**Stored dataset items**
=== Begin Enclosure ===

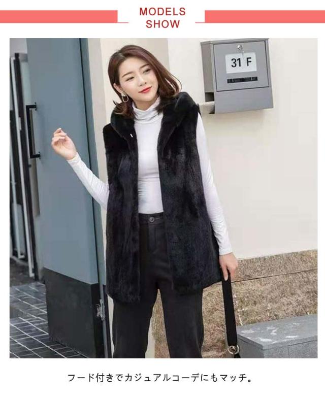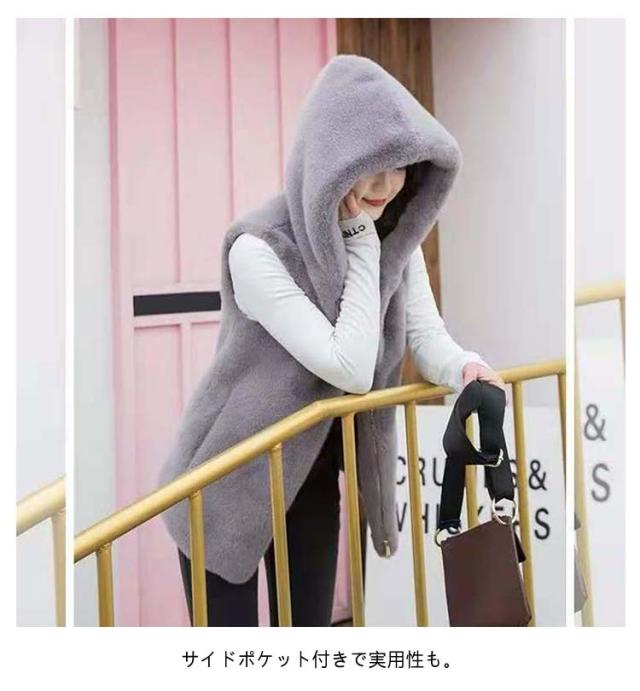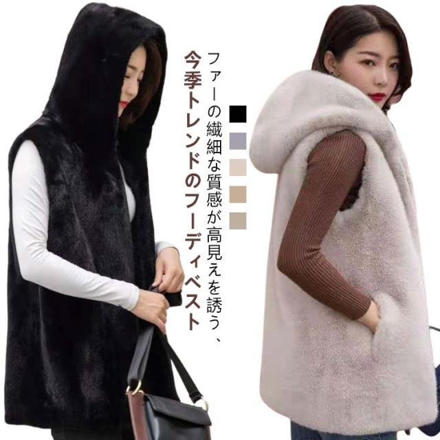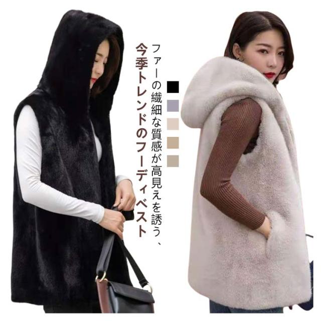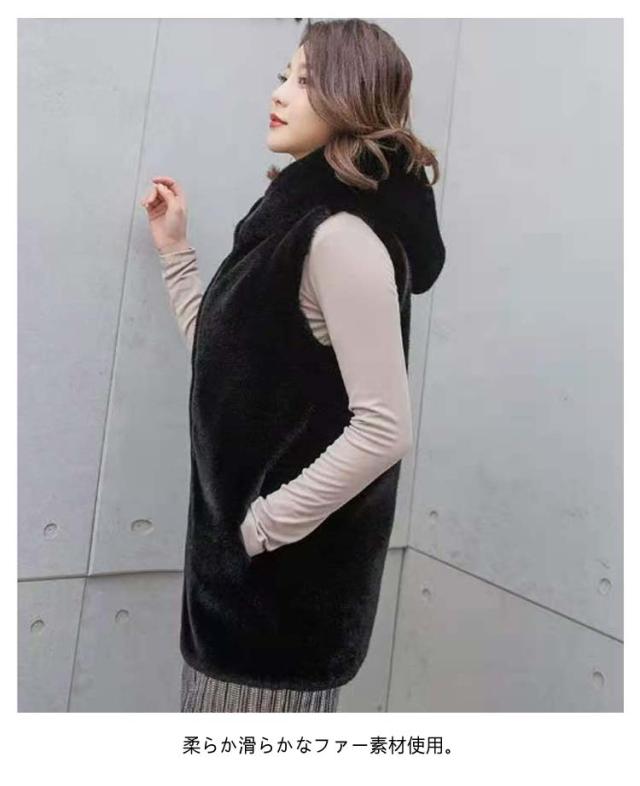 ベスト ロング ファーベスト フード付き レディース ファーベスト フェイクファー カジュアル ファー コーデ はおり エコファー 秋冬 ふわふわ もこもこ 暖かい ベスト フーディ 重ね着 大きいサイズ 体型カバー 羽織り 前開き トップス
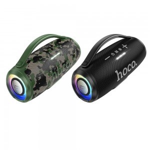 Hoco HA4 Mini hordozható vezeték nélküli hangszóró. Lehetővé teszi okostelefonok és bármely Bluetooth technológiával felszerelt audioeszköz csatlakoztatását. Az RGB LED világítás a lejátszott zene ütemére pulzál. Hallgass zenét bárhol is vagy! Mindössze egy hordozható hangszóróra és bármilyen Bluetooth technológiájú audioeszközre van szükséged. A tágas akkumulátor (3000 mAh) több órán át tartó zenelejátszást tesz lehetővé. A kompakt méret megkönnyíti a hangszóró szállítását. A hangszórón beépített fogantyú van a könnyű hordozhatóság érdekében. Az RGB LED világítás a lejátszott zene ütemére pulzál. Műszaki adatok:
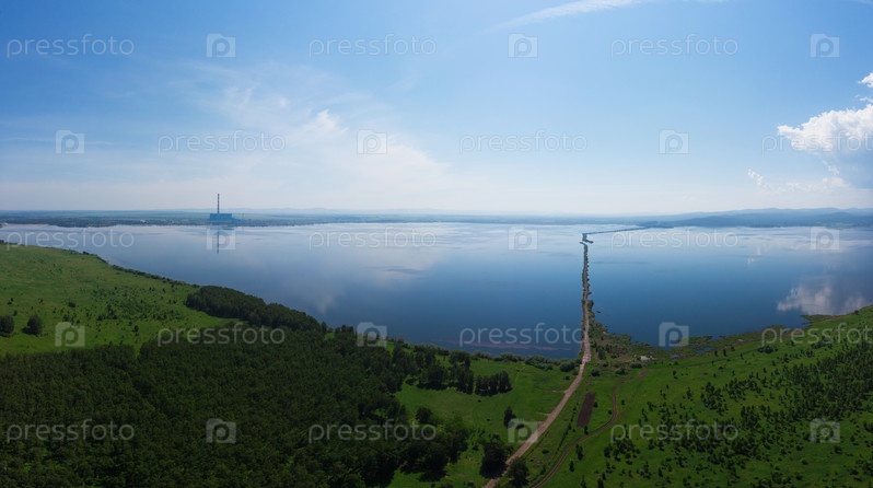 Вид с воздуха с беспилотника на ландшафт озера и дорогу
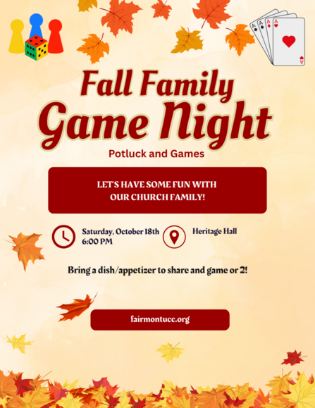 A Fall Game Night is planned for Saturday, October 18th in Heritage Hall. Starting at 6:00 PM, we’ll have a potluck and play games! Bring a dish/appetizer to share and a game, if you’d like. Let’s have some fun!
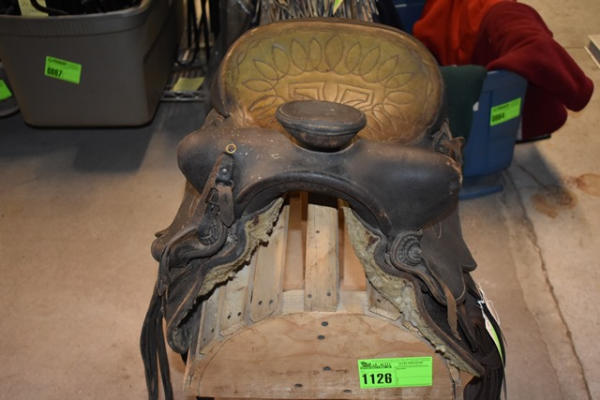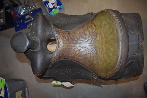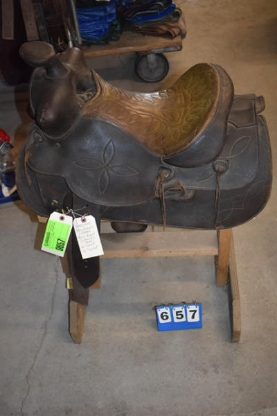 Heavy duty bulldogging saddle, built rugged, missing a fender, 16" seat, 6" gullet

=== End Enclosure ===

**TO DO**
Return every entry above exactly. Pictures stay out.

**SOLUTION TO THIS EXERCISE**
 ベスト ロング ファーベスト フード付き レディース ファーベスト フェイクファー カジュアル ファー コーデ はおり エコファー 秋冬 ふわふわ もこもこ 暖かい ベスト フーディ 重ね着 大きいサイズ 体型カバー 羽織り 前開き トップス
 Hoco HA4 Mini hordozható vezeték nélküli hangszóró. Lehetővé teszi okostelefonok és bármely Bluetooth technológiával felszerelt audioeszköz csatlakoztatását. Az RGB LED világítás a lejátszott zene ütemére pulzál. Hallgass zenét bárhol is vagy! Mindössze egy hordozható hangszóróra és bármilyen Bluetooth technológiájú audioeszközre van szükséged. A tágas akkumulátor (3000 mAh) több órán át tartó zenelejátszást tesz lehetővé. A kompakt méret megkönnyíti a hangszóró szállítását. A hangszórón beépített fogantyú van a könnyű hordozhatóság érdekében. Az RGB LED világítás a lejátszott zene ütemére pulzál. Műszaki adatok:
 Вид с воздуха с беспилотника на ландшафт озера и дорогу
 A Fall Game Night is planned for Saturday, October 18th in Heritage Hall. Starting at 6:00 PM, we’ll have a potluck and play games! Bring a dish/appetizer to share and a game, if you’d like. Let’s have some fun!
 Heavy duty bulldogging saddle, built rugged, missing a fender, 16" seat, 6" gullet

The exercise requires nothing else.